Ее кобылка пытается ухватить Кэт за волосы, и Кэт рассеянно шлепает ее. Пони встряхивает головой в насмешливом недовольстве. Это игра двух близких существ, от которой на душе у меня становится тепло.
— Там, подальше.
Кэт рассматривает нас.
— Он всегда так носится?
Корр не перестает двигаться, он пританцовывает на месте, изгибая шею. Я уверен, он выглядит глупо, вот так распуская хвост перед ними. Вообще-то жеребцы кабилл-ушти предпочитают смотреть на сухопутных кобыл как на еду, а не как на подруг, но иногда какая-нибудь кобыла вдруг захватывает воображение жеребца, и он тут же превращается в идиота.
— Гнедая кобыла похуже, чем он, — говорю я.
Кэт корчит рожицу — наверное, ей смешно.
— Расскажи о ней.
— Она капризна и ненадежна, и она влюблена в океан, — отвечаю я.

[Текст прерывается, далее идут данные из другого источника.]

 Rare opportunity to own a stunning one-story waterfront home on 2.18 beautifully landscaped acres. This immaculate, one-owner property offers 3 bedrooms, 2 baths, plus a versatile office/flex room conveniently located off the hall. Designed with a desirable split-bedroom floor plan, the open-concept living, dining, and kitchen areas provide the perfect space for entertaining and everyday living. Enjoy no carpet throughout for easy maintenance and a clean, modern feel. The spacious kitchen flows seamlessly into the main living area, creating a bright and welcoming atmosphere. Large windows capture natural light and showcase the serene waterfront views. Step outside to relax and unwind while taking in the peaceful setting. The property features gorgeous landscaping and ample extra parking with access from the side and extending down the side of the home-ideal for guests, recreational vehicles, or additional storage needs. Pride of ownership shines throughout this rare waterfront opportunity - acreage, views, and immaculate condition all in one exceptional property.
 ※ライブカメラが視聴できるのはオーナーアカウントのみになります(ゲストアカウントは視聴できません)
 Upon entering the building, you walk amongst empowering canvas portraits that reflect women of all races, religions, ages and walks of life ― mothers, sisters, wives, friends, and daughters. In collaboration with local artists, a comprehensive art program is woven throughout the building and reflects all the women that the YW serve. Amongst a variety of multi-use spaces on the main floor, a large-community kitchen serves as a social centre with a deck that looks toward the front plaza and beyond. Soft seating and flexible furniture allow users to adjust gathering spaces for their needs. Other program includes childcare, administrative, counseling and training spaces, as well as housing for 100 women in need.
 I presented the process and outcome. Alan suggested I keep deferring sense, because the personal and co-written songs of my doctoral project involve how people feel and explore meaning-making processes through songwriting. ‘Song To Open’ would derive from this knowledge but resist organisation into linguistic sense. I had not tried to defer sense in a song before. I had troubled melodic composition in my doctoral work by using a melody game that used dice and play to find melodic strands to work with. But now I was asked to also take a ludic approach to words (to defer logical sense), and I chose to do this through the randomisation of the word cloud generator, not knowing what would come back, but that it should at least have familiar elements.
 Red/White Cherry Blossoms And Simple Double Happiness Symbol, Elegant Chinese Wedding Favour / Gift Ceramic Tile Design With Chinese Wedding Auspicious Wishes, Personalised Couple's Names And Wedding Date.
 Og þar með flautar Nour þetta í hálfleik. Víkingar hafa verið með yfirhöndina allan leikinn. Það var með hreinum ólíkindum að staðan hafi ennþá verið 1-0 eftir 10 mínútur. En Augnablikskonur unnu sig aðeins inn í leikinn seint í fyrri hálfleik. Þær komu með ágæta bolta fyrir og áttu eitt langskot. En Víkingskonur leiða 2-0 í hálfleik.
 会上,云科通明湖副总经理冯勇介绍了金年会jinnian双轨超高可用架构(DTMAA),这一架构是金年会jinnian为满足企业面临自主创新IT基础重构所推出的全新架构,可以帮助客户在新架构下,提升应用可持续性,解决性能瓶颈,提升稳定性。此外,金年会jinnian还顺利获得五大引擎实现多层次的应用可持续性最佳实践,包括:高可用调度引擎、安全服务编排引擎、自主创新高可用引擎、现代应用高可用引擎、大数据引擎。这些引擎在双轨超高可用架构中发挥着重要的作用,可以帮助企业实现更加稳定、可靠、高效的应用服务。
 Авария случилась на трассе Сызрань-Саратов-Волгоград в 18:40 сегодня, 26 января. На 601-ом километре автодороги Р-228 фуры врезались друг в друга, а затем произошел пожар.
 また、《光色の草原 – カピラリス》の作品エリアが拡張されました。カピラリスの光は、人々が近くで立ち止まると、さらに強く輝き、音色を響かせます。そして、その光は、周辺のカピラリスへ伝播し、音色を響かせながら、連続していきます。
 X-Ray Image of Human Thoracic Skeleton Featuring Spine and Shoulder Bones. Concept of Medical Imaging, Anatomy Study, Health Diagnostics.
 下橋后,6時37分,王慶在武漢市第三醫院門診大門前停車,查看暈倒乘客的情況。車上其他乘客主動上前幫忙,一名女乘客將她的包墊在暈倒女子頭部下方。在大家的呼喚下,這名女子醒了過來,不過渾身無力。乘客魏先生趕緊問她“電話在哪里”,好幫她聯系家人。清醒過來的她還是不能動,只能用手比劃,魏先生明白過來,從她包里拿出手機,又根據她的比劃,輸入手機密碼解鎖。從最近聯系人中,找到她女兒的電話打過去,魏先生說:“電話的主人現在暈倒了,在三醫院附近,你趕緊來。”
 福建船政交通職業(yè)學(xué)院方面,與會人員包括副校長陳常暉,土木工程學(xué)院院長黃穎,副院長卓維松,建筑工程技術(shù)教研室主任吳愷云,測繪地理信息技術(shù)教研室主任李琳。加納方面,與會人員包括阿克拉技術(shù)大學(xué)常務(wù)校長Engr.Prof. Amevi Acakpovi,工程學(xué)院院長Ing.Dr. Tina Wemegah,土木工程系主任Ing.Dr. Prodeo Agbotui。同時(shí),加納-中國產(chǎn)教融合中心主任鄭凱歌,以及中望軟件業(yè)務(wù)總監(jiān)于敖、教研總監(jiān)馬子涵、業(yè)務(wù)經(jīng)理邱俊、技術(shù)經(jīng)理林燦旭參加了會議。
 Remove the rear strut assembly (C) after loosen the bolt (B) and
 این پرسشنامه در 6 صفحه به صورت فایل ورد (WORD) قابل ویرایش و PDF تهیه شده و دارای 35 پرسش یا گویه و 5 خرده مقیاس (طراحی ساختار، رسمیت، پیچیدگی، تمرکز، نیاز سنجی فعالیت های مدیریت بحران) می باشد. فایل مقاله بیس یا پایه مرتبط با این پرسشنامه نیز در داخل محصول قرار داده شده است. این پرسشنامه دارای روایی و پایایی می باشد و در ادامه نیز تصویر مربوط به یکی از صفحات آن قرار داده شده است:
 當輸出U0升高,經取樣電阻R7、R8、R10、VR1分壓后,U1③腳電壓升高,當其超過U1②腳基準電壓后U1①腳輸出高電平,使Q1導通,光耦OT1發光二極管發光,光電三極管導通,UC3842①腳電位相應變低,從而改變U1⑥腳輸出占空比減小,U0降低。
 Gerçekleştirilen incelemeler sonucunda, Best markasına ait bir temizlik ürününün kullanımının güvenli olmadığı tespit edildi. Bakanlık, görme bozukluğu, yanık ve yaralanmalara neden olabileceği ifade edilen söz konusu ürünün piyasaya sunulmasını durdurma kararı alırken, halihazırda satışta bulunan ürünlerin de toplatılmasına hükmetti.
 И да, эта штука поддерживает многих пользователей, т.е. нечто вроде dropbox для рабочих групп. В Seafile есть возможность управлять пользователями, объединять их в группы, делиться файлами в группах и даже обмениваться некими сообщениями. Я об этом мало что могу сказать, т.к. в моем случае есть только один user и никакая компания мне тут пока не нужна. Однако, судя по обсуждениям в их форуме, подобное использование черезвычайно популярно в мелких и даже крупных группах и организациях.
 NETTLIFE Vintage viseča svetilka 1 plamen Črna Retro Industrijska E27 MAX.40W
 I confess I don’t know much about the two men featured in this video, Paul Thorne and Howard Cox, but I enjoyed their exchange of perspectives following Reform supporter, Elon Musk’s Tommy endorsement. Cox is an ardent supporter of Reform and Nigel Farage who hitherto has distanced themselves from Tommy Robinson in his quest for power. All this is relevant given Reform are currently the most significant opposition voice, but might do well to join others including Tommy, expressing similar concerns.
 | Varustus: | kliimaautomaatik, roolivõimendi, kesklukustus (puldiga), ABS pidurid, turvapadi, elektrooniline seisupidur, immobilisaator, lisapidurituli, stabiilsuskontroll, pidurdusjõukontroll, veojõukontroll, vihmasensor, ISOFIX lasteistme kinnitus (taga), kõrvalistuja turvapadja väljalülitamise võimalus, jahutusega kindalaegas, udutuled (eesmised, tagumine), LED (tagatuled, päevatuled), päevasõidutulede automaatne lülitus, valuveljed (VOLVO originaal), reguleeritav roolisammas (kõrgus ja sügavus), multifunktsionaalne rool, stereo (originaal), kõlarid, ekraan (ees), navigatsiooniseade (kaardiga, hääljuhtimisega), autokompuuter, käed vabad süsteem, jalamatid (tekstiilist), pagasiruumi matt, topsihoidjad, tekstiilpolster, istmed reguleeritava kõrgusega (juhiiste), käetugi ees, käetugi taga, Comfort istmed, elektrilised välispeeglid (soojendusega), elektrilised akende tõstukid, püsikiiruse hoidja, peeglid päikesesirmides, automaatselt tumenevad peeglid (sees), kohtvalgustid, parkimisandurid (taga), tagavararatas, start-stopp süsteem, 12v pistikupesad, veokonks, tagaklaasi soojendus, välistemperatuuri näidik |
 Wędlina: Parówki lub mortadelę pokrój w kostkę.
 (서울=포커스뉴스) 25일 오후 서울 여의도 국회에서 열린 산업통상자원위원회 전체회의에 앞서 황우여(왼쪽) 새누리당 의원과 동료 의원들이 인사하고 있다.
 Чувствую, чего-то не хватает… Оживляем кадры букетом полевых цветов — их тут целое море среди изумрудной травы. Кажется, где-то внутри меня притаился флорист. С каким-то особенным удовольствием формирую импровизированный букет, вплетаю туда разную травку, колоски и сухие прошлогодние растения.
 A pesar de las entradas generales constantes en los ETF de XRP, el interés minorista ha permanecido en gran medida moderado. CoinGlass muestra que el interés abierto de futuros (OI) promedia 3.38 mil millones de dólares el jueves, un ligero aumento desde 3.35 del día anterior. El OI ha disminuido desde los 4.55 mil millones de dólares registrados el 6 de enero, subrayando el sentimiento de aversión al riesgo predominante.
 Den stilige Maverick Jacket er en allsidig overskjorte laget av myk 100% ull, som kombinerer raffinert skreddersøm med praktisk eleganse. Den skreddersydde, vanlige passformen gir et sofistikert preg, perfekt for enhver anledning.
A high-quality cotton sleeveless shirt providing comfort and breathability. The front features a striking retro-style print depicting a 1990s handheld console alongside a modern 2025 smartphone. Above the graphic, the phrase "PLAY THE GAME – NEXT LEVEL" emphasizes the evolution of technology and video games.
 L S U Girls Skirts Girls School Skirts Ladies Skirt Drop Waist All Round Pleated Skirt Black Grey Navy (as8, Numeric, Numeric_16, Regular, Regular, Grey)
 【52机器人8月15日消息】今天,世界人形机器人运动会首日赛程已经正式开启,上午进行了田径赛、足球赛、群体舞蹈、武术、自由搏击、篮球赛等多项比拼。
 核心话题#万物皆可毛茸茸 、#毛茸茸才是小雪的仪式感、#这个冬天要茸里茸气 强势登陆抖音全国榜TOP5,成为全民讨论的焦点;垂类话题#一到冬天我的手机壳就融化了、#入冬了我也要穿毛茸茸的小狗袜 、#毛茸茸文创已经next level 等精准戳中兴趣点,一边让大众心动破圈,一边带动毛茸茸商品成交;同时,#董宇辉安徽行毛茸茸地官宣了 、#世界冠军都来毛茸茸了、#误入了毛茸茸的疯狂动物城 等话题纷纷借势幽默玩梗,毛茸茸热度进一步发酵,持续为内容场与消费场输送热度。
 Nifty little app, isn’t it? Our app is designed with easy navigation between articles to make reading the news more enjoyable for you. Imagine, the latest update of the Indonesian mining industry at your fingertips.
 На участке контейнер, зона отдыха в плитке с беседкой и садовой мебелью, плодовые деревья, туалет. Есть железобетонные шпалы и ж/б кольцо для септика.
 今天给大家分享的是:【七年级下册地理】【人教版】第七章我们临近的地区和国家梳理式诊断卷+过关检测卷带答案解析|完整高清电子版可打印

Я поймал ее во время урагана, от соленой воды все мои кожаные ремни стали слишком скользкими, их было не удержать, тучи превратили небо в море, и наоборот, от холода мои пальцы едва шевелились. Кобыла попала в сеть рядом с лодкой, когда я только-только отошел от берега. Местные легенды гласят, что кабилл-ушти, пойманные во время дождя, всегда хотят быть мокрыми, но я в это не очень верю.
— Не слишком обнадеживающе, — замечает Кэт.
— Так оно и есть.
— Тогда зачем я здесь?
Я изучаю ее взглядом. И озвучиваю то, что меня мучает с первого момента, как я увидел эту девушку на пляже.
— Потому что это бега для кабилл-ушти.
Кэт смотрит мимо меня, на край утеса, потом ее брови сдвигаются, она стискивает зубы. Что-то в ее виде возникает бескомпромиссное, я вижу ярость, присущую юности.
— Я не хочу даже думать об этом, пока не удостоверюсь, что она лучше, чем Дав, — заявляет девушка.
Она бросает на меня долгий взгляд, и я наконец соображаю, что она ждет от меня согласия или возражения.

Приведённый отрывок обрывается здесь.